-------- RECORDS TO USE

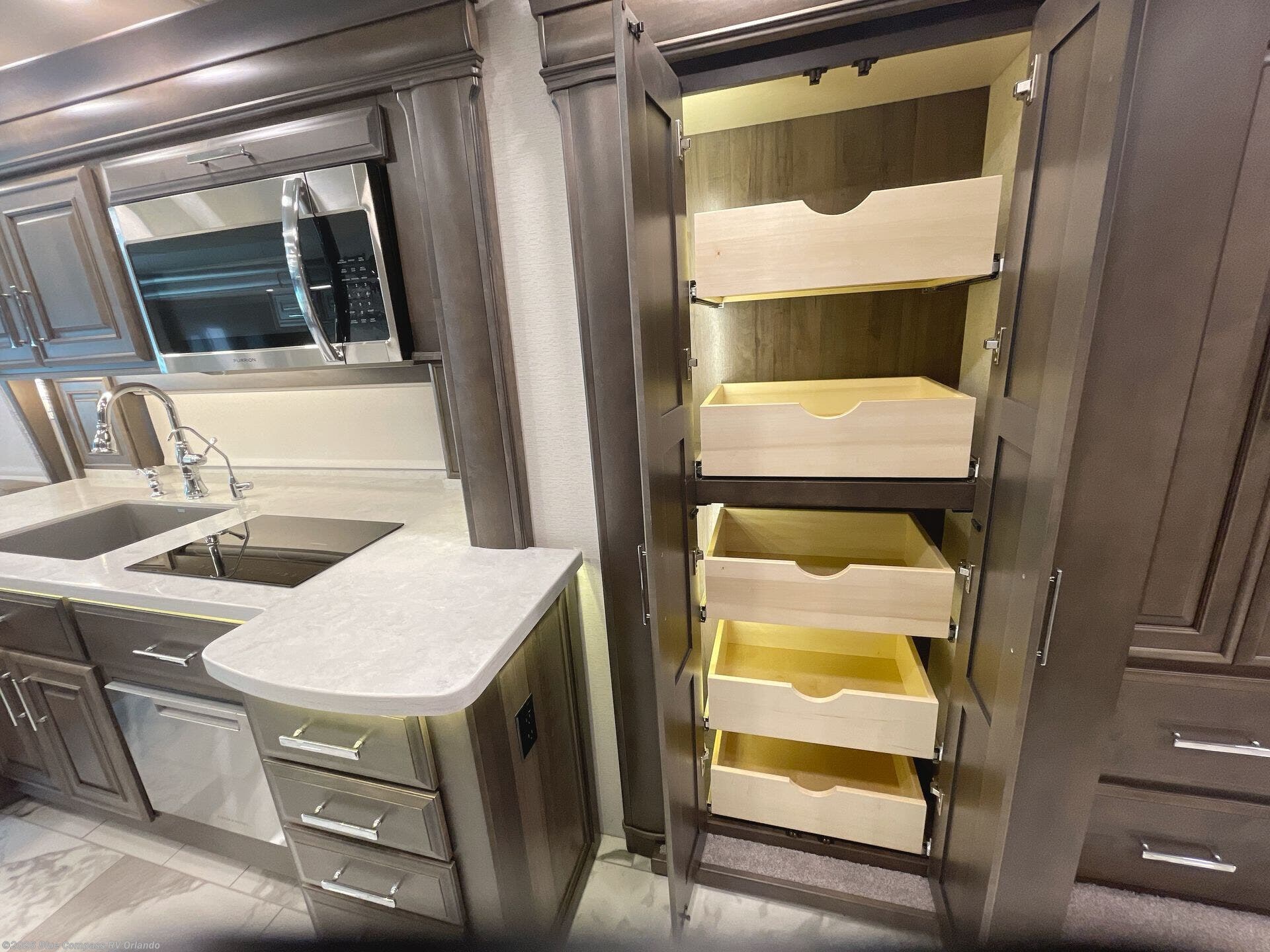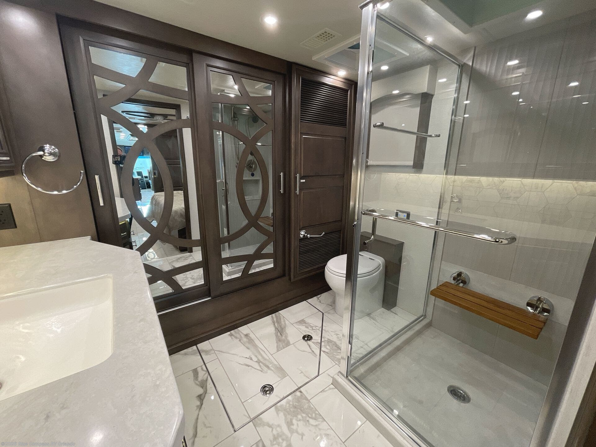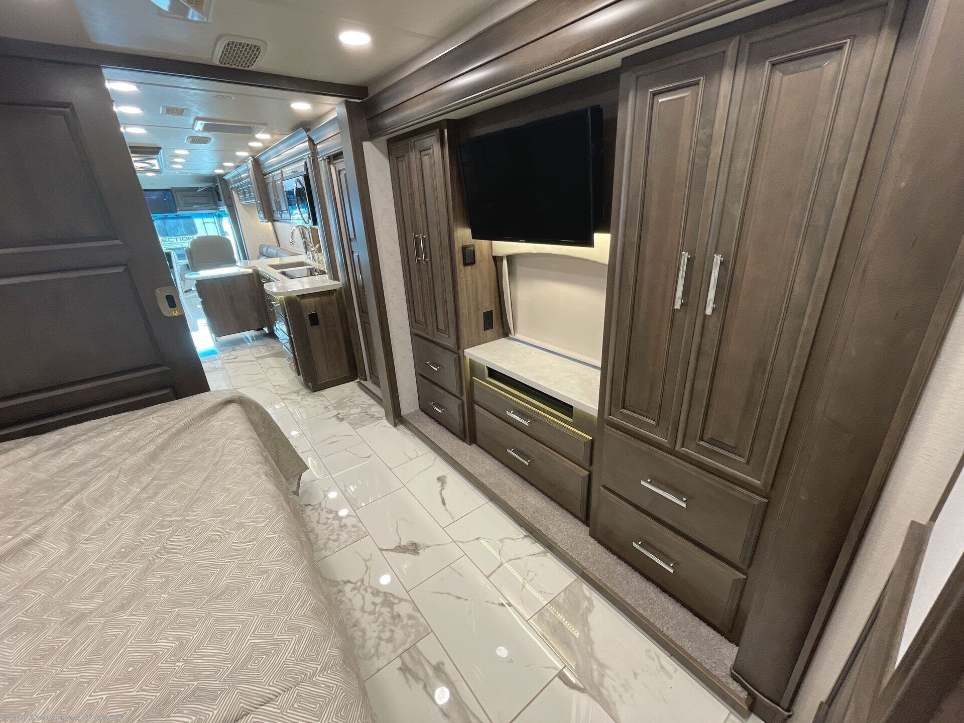 Whether you travel for work, to see family or explore the country side, this coach offers the power you want and the luxury you desire! Once at your destination, easily set up and relax on the three-seat power reclining sofa or choose the hide-a-bed sofa option, or eat a snack at the table. The 50" Smart TV and fireplace add coziness, the broom closet offers tidiness. The kitchen allows you to cook like at home with a convection microwave and induction cooktop, plus there is a Fisher & Paykel dishwasher for easy clean-up. There is a 32" Smart TV over the cab to watch as well, and a mid-coach half bath for convenience. The master suite offers a slide out king bed, sliding doors for privacy, wardrobes, and a 43" Smart TV to watch before bedtime. And the rear full bathroom offers a shower, a large wardrobe, plus a washer and dryer.
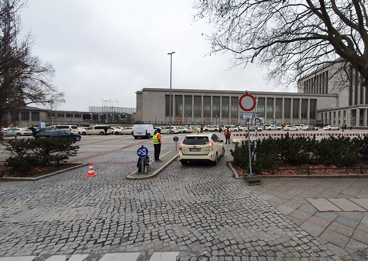 Impfzentrum Westend neue Einfahrt (Foto Axel Rühle)
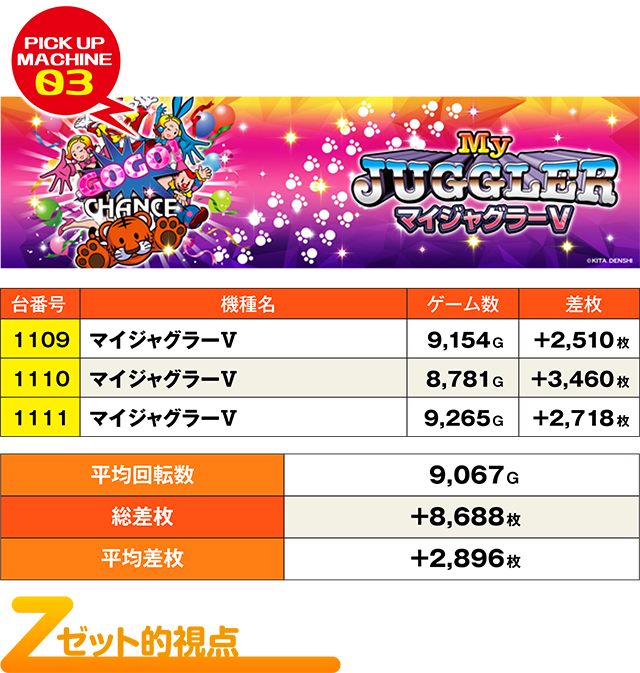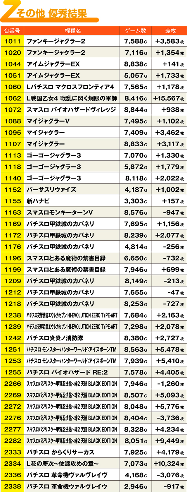 AT機顔負けの好結果を叩き出し、優秀台を確信させてくれたのは『マイジャグラーⅤ』。3台ともが+2,500枚超えとは驚きを隠せない。
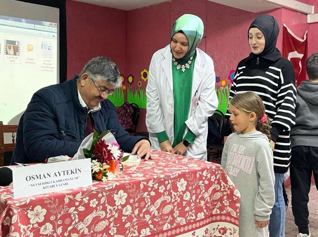 Derslerle ve mesajlarla dolu doğaçlama gelişen skecin sonunda da "Nevşehirli Kahramanlar" kitabı yazarı Osman Aytekin, Vatan Bakkalı ziyaret ederek öğrencilere güzel bir sürpriz yaptı. Hem öğrenciler için tek tek kitabını imzaladı hem de harika bir "yazar söyleşisi"nde bulundu. Öğrencilerin yazarımıza soruları, Nevşehirli Kahramanlar Harp Hikayeleri isimli kitaptan kelime sorma yarışmaları ile program zenginleşti ve renklendi. Şehitlerimizin ruhuna dualar ve ikramlar ile de etkinliklerimiz sona erdi. Emeği geçen idarecilerimizi, okulumuzun tüm öğretmenlerini ve Yazar Osman Aytekin'i tebrik ediyoruz.
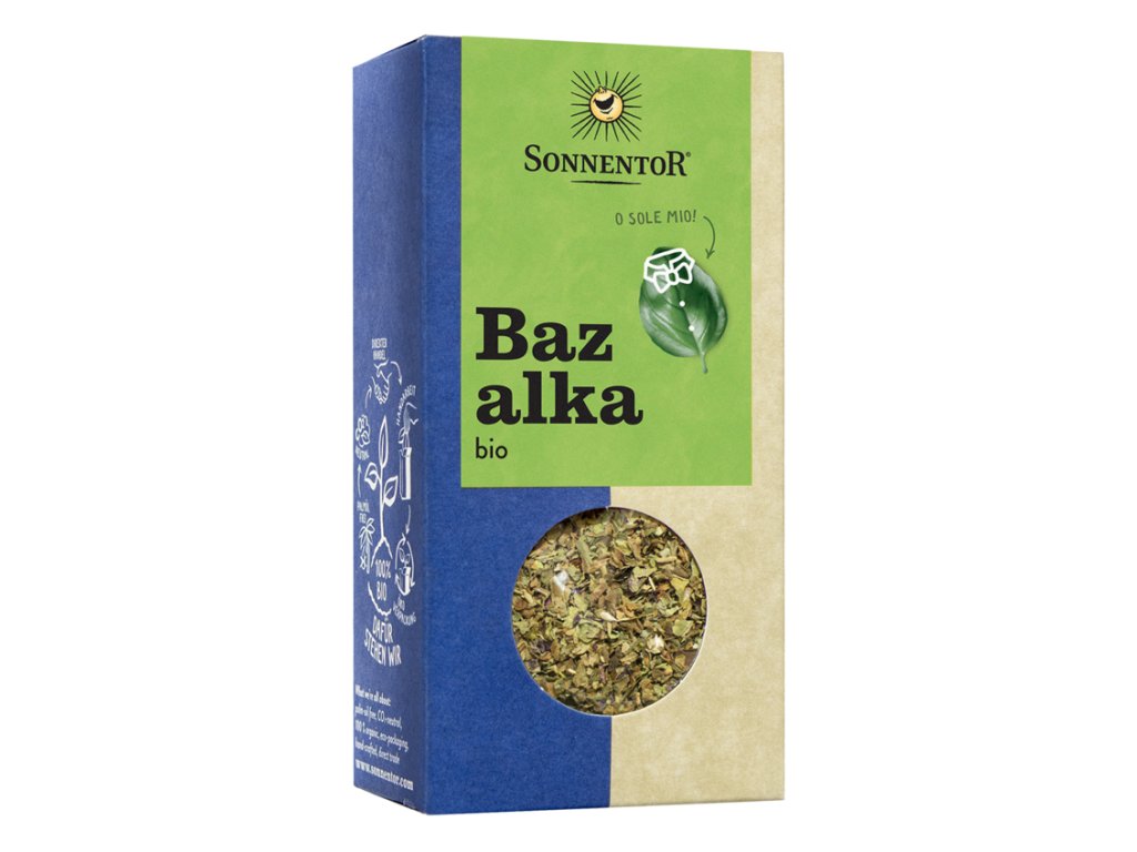 Bazalka bio 15g od výrobce Sonnentor. Produkt v bio kvalitě. Pěstováno metodou ekologického zemědělství. Bazalka je koření, bez kterého si pesto na těstoviny dokážeme jen stěží představit. Dávno není střeženým tajemstvím italské kuchyně a používá se do různých omáček a zeleninových salátů. S plátky rajčat a mozzarelou je výborným předkrmem. Když bazalku smícháme s nastrouhanou citronovou kůrou, česnekem a hnědým máslem, vznikne nám velmi chutná letní kreace pro vmíchání do rizota. TIP: Přidávejte až ke konci vaření, neboť bazalka vařením lehce ztrácí své aroma. Bazalka bio Skladovat v suchu a chladu. Tento produkt neobsahuje žádné alergeny.Doplňkové parametry

----------------

WHAT NEEDS TO BE DONE -
Could you repeat the data exactly, omitting its pictures?

RESPONSE FOR THIS EXERCISE -
 Whether you travel for work, to see family or explore the country side, this coach offers the power you want and the luxury you desire! Once at your destination, easily set up and relax on the three-seat power reclining sofa or choose the hide-a-bed sofa option, or eat a snack at the table. The 50" Smart TV and fireplace add coziness, the broom closet offers tidiness. The kitchen allows you to cook like at home with a convection microwave and induction cooktop, plus there is a Fisher & Paykel dishwasher for easy clean-up. There is a 32" Smart TV over the cab to watch as well, and a mid-coach half bath for convenience. The master suite offers a slide out king bed, sliding doors for privacy, wardrobes, and a 43" Smart TV to watch before bedtime. And the rear full bathroom offers a shower, a large wardrobe, plus a washer and dryer.
 Impfzentrum Westend neue Einfahrt (Foto Axel Rühle)
 AT機顔負けの好結果を叩き出し、優秀台を確信させてくれたのは『マイジャグラーⅤ』。3台ともが+2,500枚超えとは驚きを隠せない。
 Derslerle ve mesajlarla dolu doğaçlama gelişen skecin sonunda da "Nevşehirli Kahramanlar" kitabı yazarı Osman Aytekin, Vatan Bakkalı ziyaret ederek öğrencilere güzel bir sürpriz yaptı. Hem öğrenciler için tek tek kitabını imzaladı hem de harika bir "yazar söyleşisi"nde bulundu. Öğrencilerin yazarımıza soruları, Nevşehirli Kahramanlar Harp Hikayeleri isimli kitaptan kelime sorma yarışmaları ile program zenginleşti ve renklendi. Şehitlerimizin ruhuna dualar ve ikramlar ile de etkinliklerimiz sona erdi. Emeği geçen idarecilerimizi, okulumuzun tüm öğretmenlerini ve Yazar Osman Aytekin'i tebrik ediyoruz.
 Bazalka bio 15g od výrobce Sonnentor. Produkt v bio kvalitě. Pěstováno metodou ekologického zemědělství. Bazalka je koření, bez kterého si pesto na těstoviny dokážeme jen stěží představit. Dávno není střeženým tajemstvím italské kuchyně a používá se do různých omáček a zeleninových salátů. S plátky rajčat a mozzarelou je výborným předkrmem. Když bazalku smícháme s nastrouhanou citronovou kůrou, česnekem a hnědým máslem, vznikne nám velmi chutná letní kreace pro vmíchání do rizota. TIP: Přidávejte až ke konci vaření, neboť bazalka vařením lehce ztrácí své aroma. Bazalka bio Skladovat v suchu a chladu. Tento produkt neobsahuje žádné alergeny.Doplňkové parametry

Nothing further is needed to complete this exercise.